TASK INPUT.
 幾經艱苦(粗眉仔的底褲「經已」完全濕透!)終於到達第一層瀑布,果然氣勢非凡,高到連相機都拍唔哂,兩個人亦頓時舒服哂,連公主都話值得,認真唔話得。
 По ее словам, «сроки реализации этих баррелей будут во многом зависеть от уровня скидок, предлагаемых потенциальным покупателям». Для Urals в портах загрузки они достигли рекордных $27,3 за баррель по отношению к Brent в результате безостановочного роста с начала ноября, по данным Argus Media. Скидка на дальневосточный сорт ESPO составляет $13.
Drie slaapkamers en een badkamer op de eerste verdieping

--

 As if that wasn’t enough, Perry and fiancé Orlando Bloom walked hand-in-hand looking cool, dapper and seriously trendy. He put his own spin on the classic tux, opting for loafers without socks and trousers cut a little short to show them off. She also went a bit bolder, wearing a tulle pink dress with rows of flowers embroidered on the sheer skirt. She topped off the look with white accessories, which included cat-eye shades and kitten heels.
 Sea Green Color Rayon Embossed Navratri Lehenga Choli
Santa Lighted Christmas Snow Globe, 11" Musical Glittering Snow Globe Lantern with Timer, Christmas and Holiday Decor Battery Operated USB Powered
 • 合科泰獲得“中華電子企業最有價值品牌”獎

REQUIRED ACTION. Only the lines above from the one with "幾經艱苦(粗眉仔的底褲「經已" up to and including the one with "Drie slaapkamers en" should be repeated, exactly as written.

WRITTEN ANSWER.
 幾經艱苦(粗眉仔的底褲「經已」完全濕透!)終於到達第一層瀑布,果然氣勢非凡,高到連相機都拍唔哂,兩個人亦頓時舒服哂,連公主都話值得,認真唔話得。
 По ее словам, «сроки реализации этих баррелей будут во многом зависеть от уровня скидок, предлагаемых потенциальным покупателям». Для Urals в портах загрузки они достигли рекордных $27,3 за баррель по отношению к Brent в результате безостановочного роста с начала ноября, по данным Argus Media. Скидка на дальневосточный сорт ESPO составляет $13.
Drie slaapkamers en een badkamer op de eerste verdieping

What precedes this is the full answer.